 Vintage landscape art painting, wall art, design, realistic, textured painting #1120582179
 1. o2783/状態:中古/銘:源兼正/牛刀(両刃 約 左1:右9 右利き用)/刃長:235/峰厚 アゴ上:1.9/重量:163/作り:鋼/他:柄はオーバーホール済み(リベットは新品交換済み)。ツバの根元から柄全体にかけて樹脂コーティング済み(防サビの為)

___

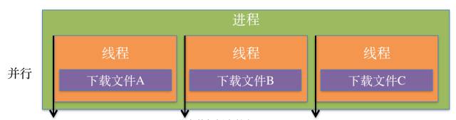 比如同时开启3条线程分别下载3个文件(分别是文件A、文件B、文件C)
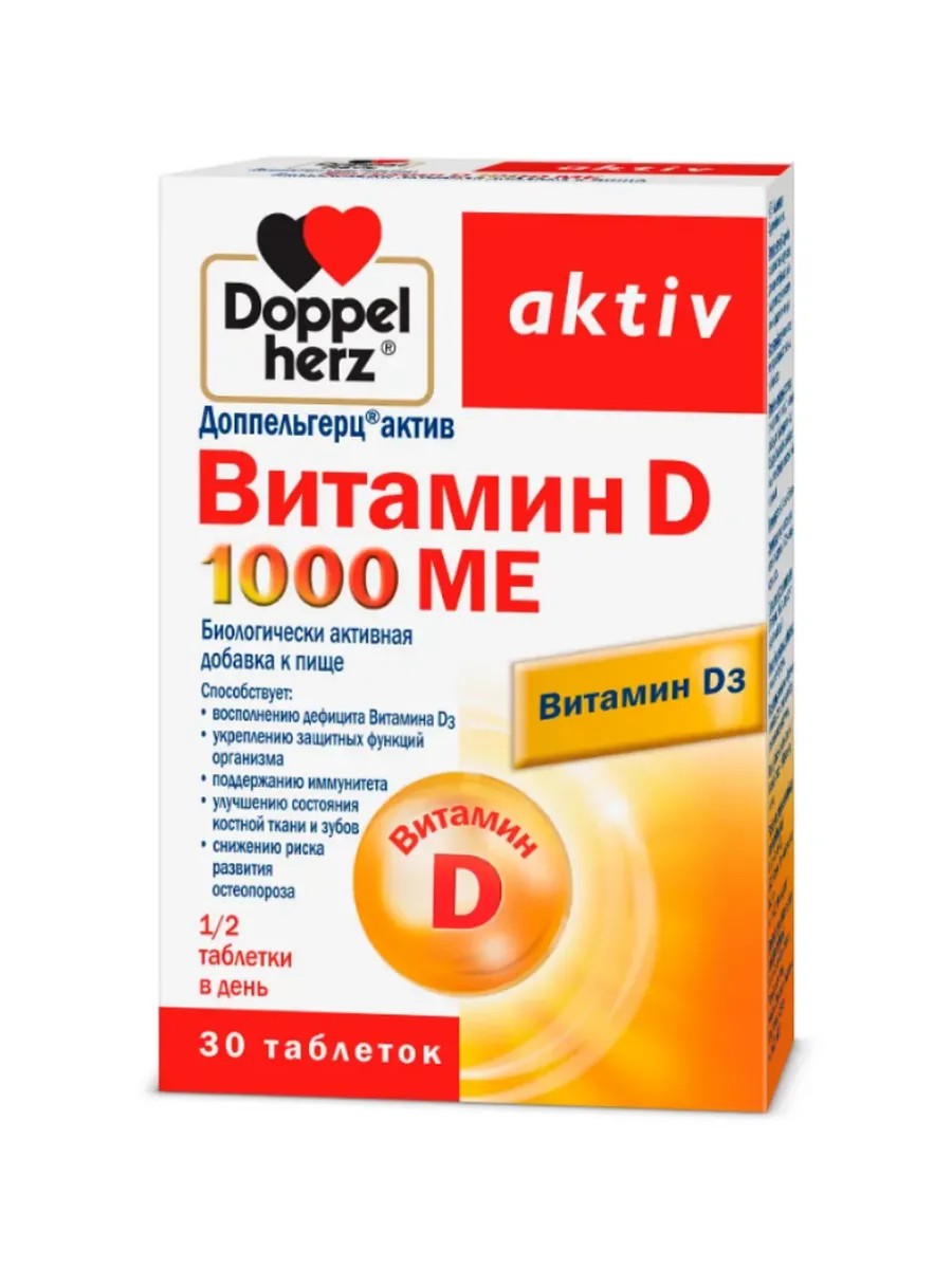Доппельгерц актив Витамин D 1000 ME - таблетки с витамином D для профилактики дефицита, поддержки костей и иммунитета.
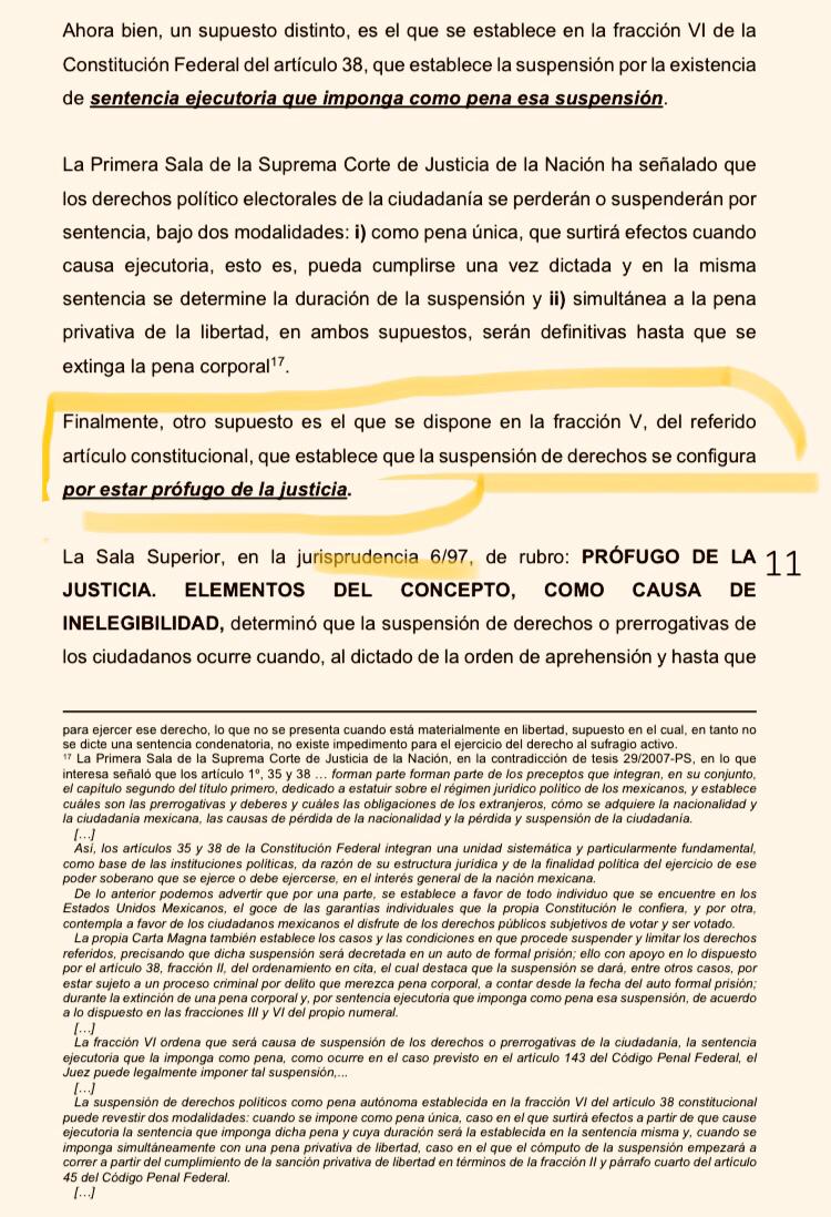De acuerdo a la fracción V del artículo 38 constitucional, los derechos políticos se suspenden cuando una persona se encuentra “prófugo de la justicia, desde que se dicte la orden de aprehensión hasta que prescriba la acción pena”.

___

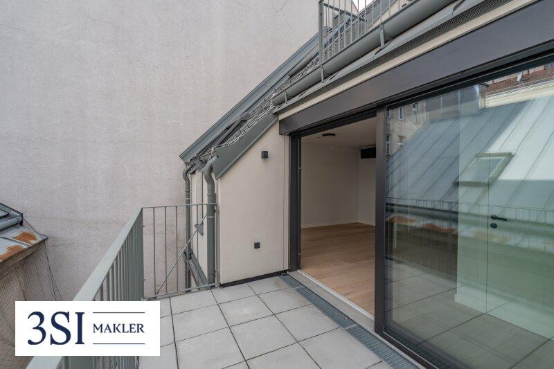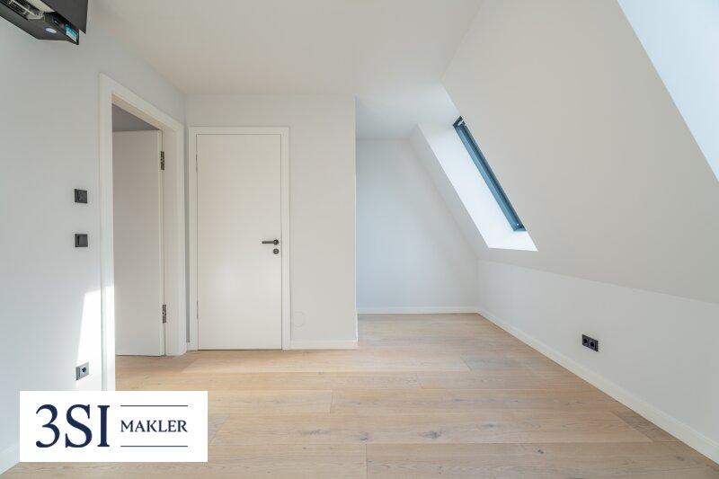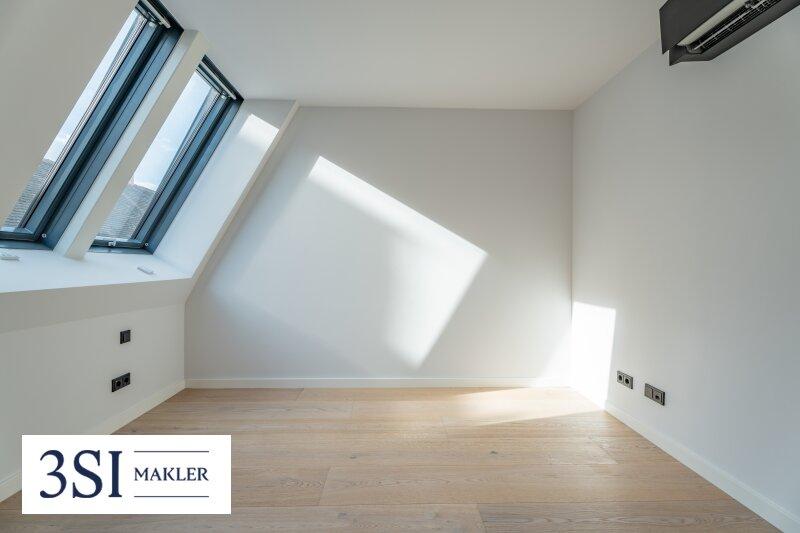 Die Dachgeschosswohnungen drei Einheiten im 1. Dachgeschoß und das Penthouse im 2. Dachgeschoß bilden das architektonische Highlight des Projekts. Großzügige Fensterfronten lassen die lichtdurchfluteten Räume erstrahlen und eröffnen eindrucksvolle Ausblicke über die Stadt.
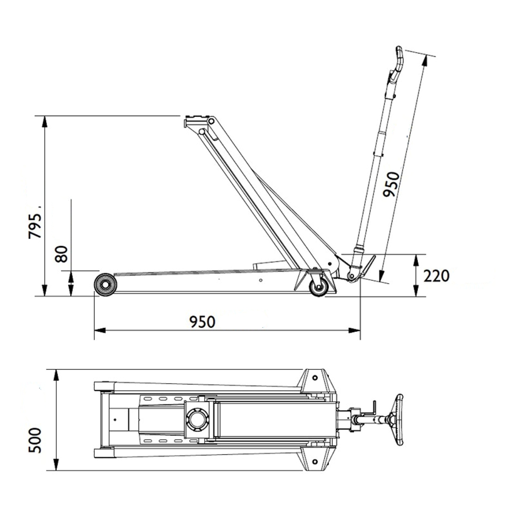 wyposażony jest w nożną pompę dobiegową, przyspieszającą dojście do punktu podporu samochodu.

___

- _Prompt_
Within the listing above, the range opens at the line with "Vintage landscape art" and closes at the line with "1. o2783/状態:中古/銘:源兼正/牛刀(両刃 約". Reproduce exactly the lines of that range, including both ends.

- _Task solution_
 Vintage landscape art painting, wall art, design, realistic, textured painting #1120582179
 1. o2783/状態:中古/銘:源兼正/牛刀(両刃 約 左1:右9 右利き用)/刃長:235/峰厚 アゴ上:1.9/重量:163/作り:鋼/他:柄はオーバーホール済み(リベットは新品交換済み)。ツバの根元から柄全体にかけて樹脂コーティング済み(防サビの為)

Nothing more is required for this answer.